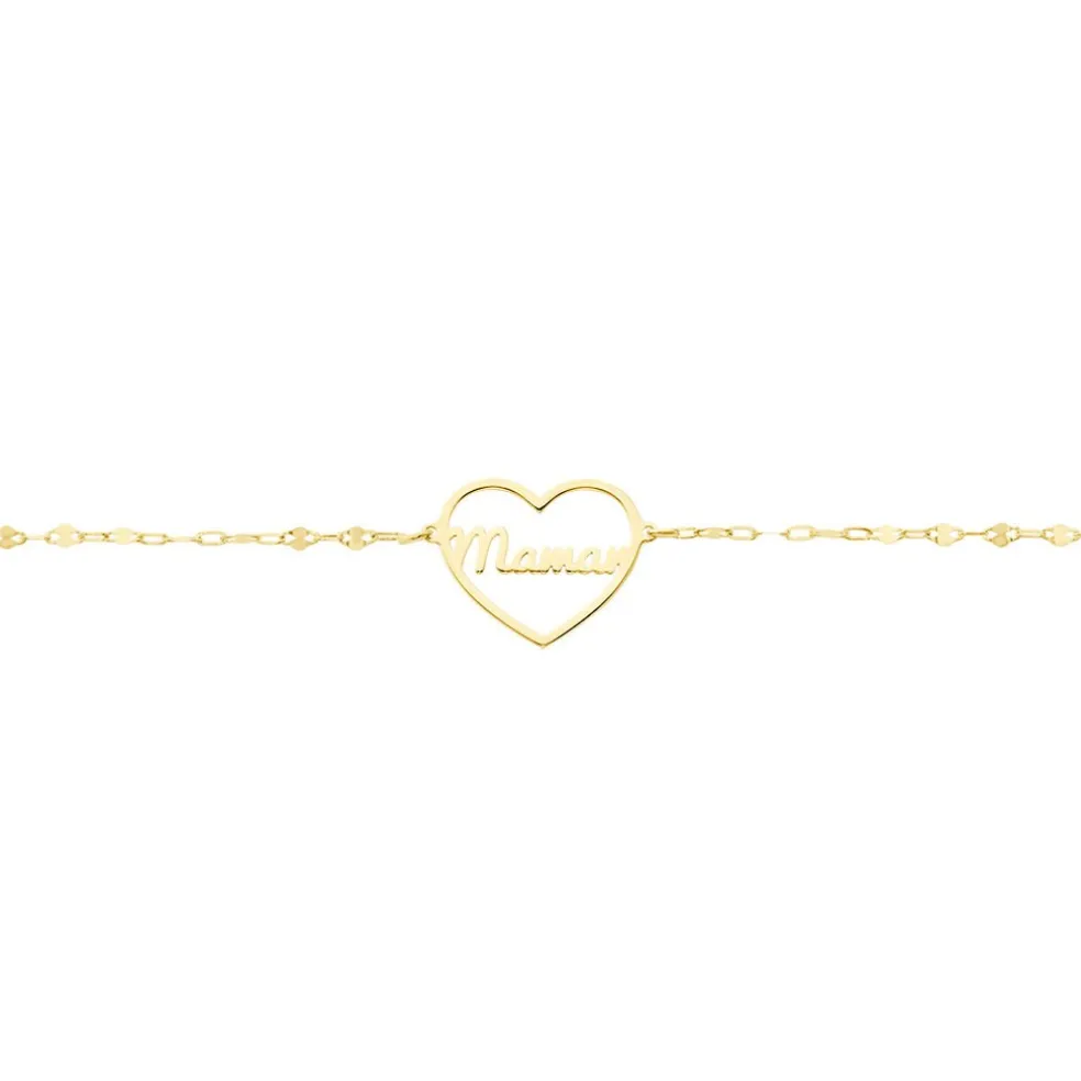 Bracelet Or Jaune 375/1000 C艙ur Ajoure Avec Message Maman Maille Lumina 16+2cm
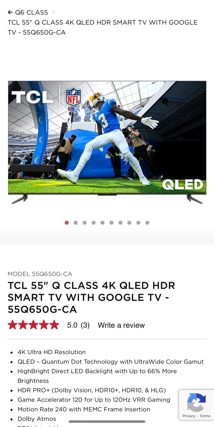 Selling a TCL 55" Q Class 4K QLED HDR Smart TV with Google TV, model number 55Q650G-CA. Key features include: - 4K Ultra HD Resolution - QLED - Quantum Dot Technology with UltraWide Color Gamut - High Bright Direct LED Backlight with up to 66% More Brightness - HDR PRO+ (Dolby Vision, HDR10+, HDR10, & HLG) - Game Accelerator 120 for Up to 120Hz VRR Gaming - Motion Rate 240 with MEMC Frame Insertion - Dolby Atmos TV unit is also available for extra charge. pickup only
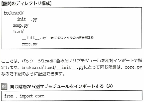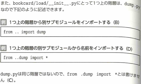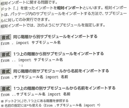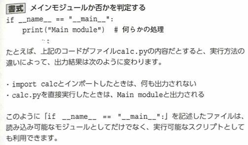 インポートされるファイルをモジュールといいます。import calendar、calendar.prmonth(2000,1)などとします。しかし関数のみをインポートする場合は、from calc import addなどとします。名前をすべてインポートする場合はfrom calc import * などとします。ただし_で始まらない名前すべてです。__all__があれば、そのリストの名前だけインポートされます。
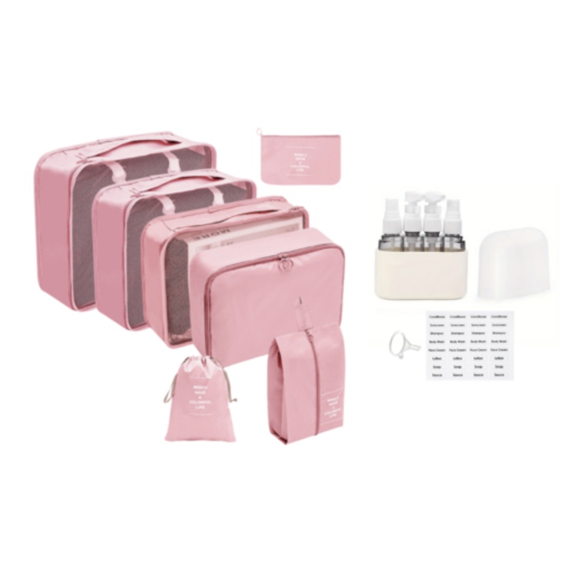 TEEBJyM4IVBNN7 Piece Ultimate Travel Organiser Set with 4-in-1 Travel Bottle Set Pink
========
**Task item**
Take the line containing "Selling a TCL" and every line after it through the end of the data, and write them out exactly, with no pictures.

**Your solution**
 Selling a TCL 55" Q Class 4K QLED HDR Smart TV with Google TV, model number 55Q650G-CA. Key features include: - 4K Ultra HD Resolution - QLED - Quantum Dot Technology with UltraWide Color Gamut - High Bright Direct LED Backlight with up to 66% More Brightness - HDR PRO+ (Dolby Vision, HDR10+, HDR10, & HLG) - Game Accelerator 120 for Up to 120Hz VRR Gaming - Motion Rate 240 with MEMC Frame Insertion - Dolby Atmos TV unit is also available for extra charge. pickup only
 インポートされるファイルをモジュールといいます。import calendar、calendar.prmonth(2000,1)などとします。しかし関数のみをインポートする場合は、from calc import addなどとします。名前をすべてインポートする場合はfrom calc import * などとします。ただし_で始まらない名前すべてです。__all__があれば、そのリストの名前だけインポートされます。
 TEEBJyM4IVBNN7 Piece Ultimate Travel Organiser Set with 4-in-1 Travel Bottle Set Pink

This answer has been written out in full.